▶ TASK GOAL
A faithful copy is required of the lines from the top of the entries through the line that contains "O fato de criada", both included, with no pictures.

▶ THE INPUT
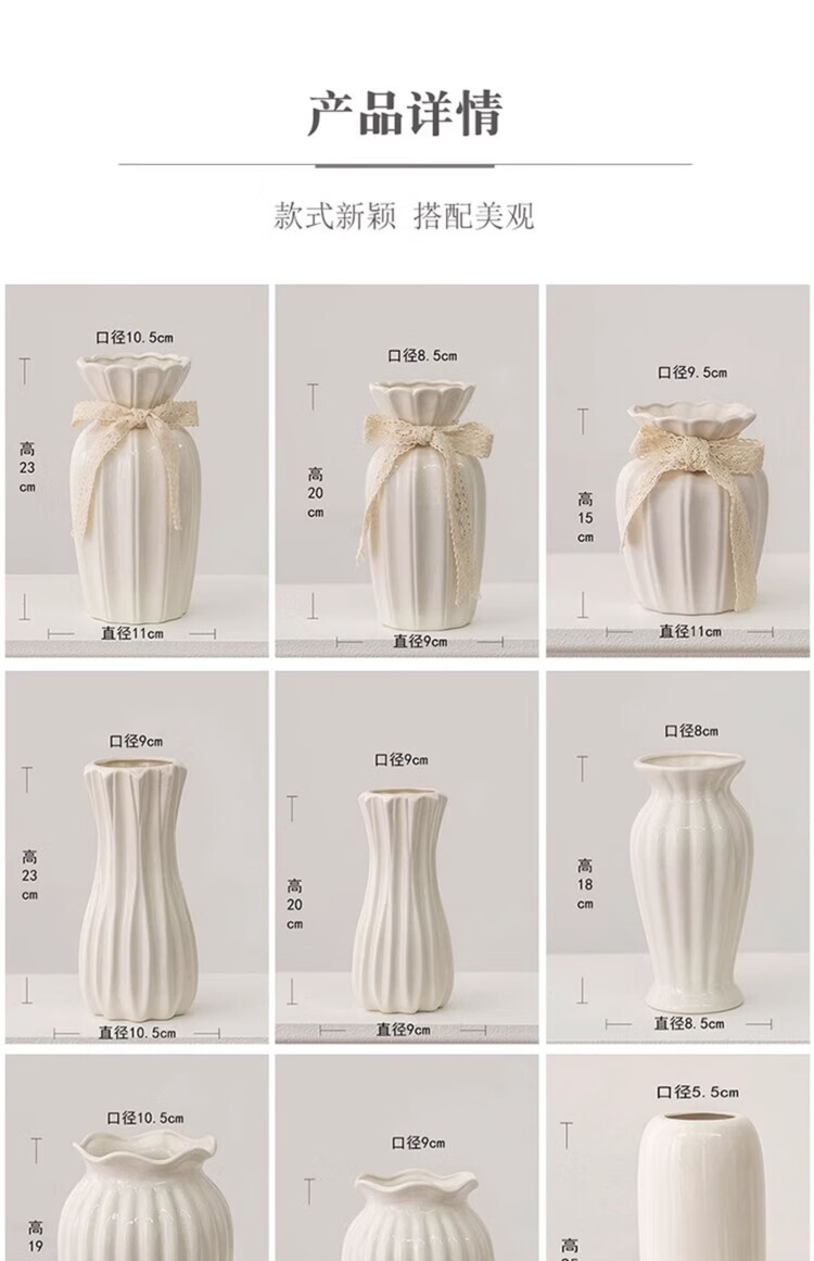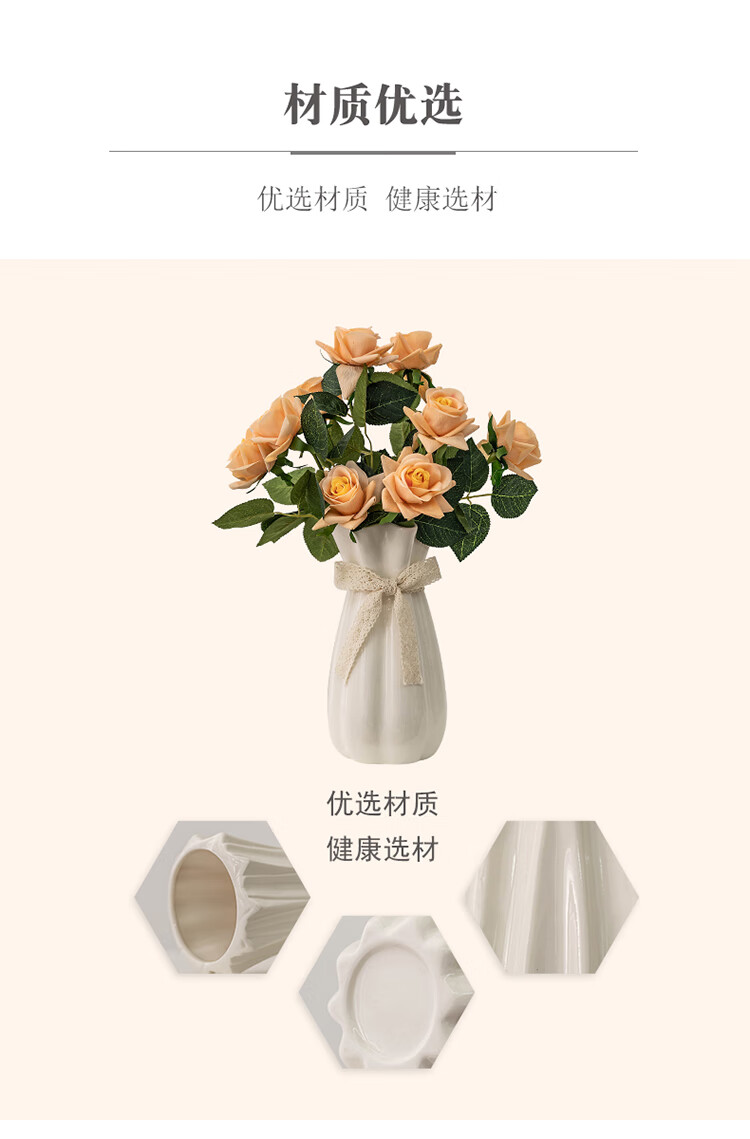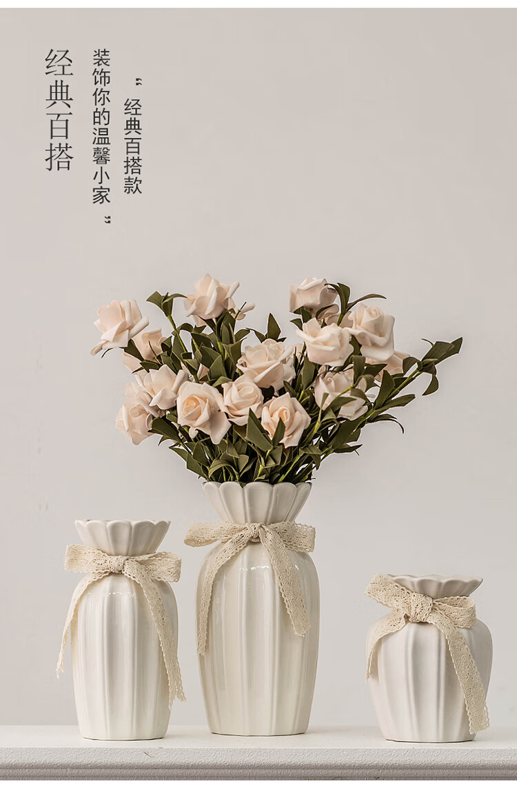 OYKTN欧式玫瑰插花花瓶白色简约陶瓷花器客厅餐桌干花鲜花水培装饰摆件 XQ-花泽【中号】没有花
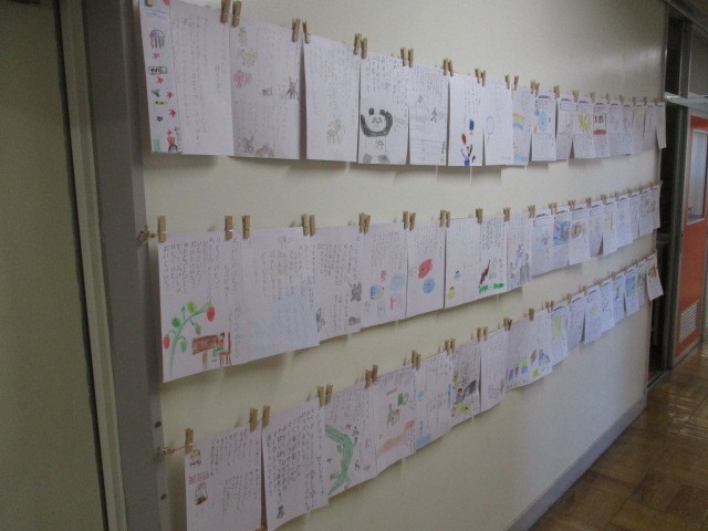 先週の金曜日まで、読書旬間がありました。その活動の一環として、子供たちそれぞれの「おすすめの本」の紹介を掲示しています。2年生は、2階の放送室と2年生の教室の間の廊下の壁に展示しています。2年生の子供たちが一生懸命書きましたので、ぜひ来校の際はお立ち寄りください。
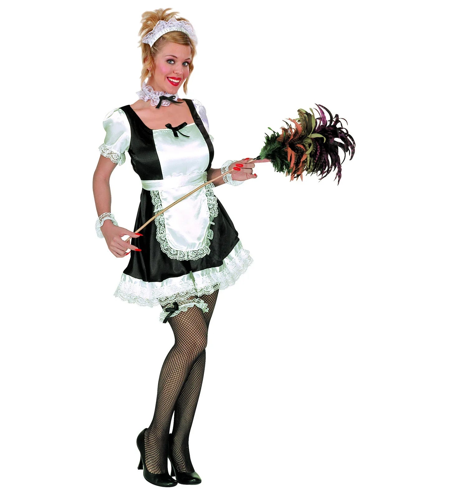 O fato de criada francesa para mulher inclui: Vestido, avental, adereço de cabeça, colar, punhos e liga.
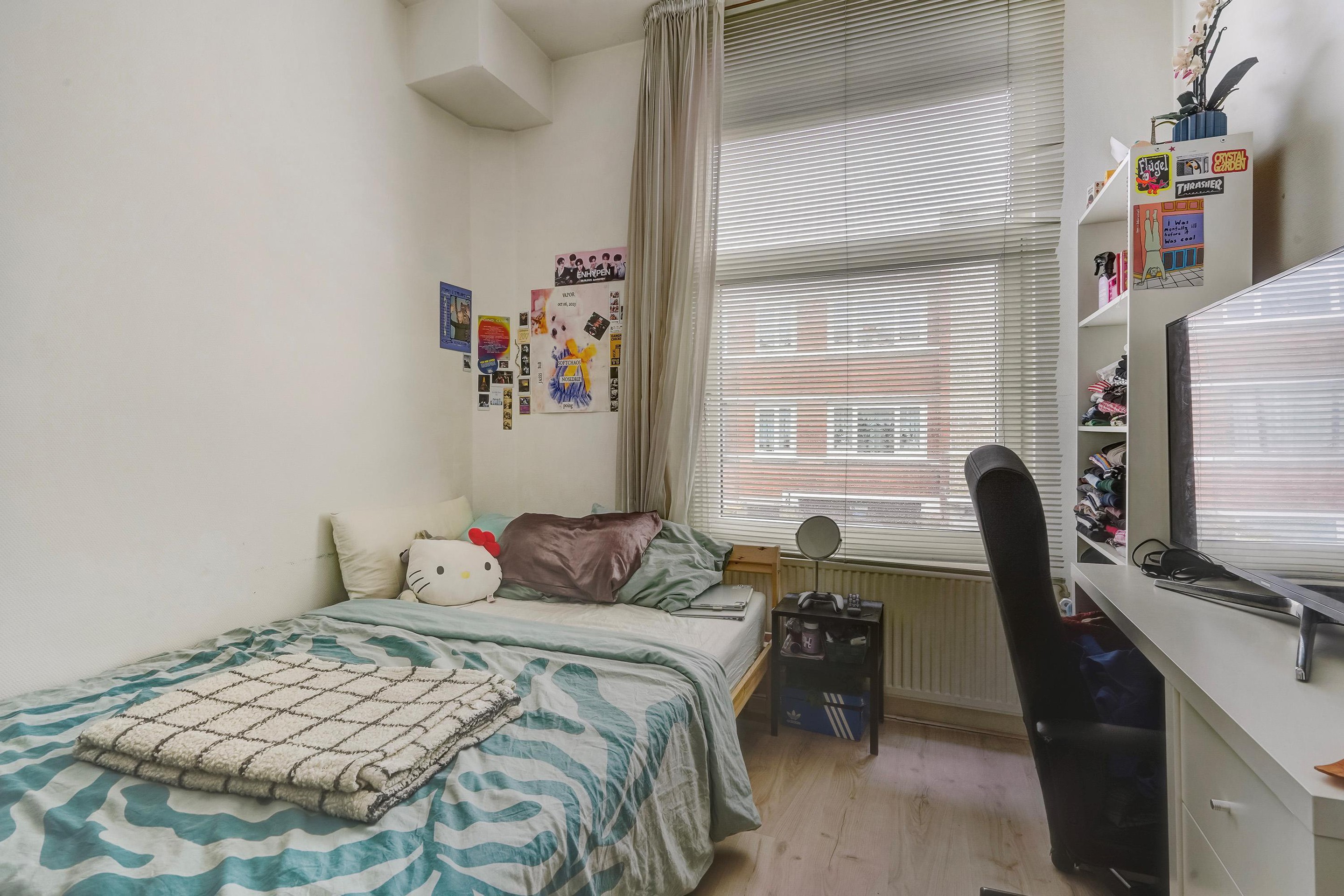 De tussenkamer beschikt over een wasmachineaansluiting en is ideaal als werk-, studeer- of logeerkamer.
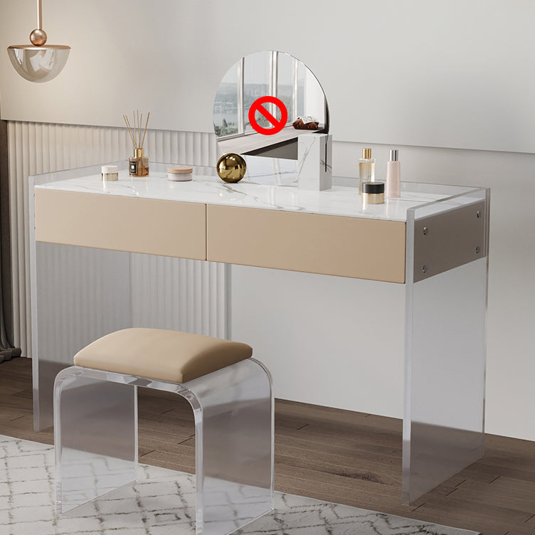 Juego de tocador de maquillaje contemporáneo de mármol /acrílico con 2 cajones para dormitorio
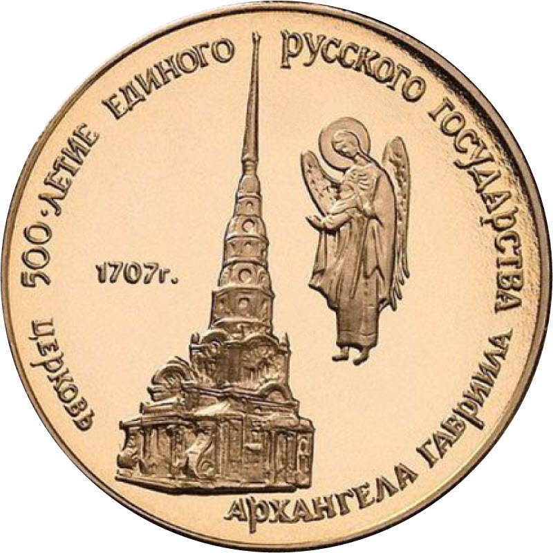 Золотая монета из серии "500-летие единого Русского государства" - Церковь архангела Гавриила.

▶ TASK ANSWER
 OYKTN欧式玫瑰插花花瓶白色简约陶瓷花器客厅餐桌干花鲜花水培装饰摆件 XQ-花泽【中号】没有花
 先週の金曜日まで、読書旬間がありました。その活動の一環として、子供たちそれぞれの「おすすめの本」の紹介を掲示しています。2年生は、2階の放送室と2年生の教室の間の廊下の壁に展示しています。2年生の子供たちが一生懸命書きましたので、ぜひ来校の際はお立ち寄りください。
 O fato de criada francesa para mulher inclui: Vestido, avental, adereço de cabeça, colar, punhos e liga.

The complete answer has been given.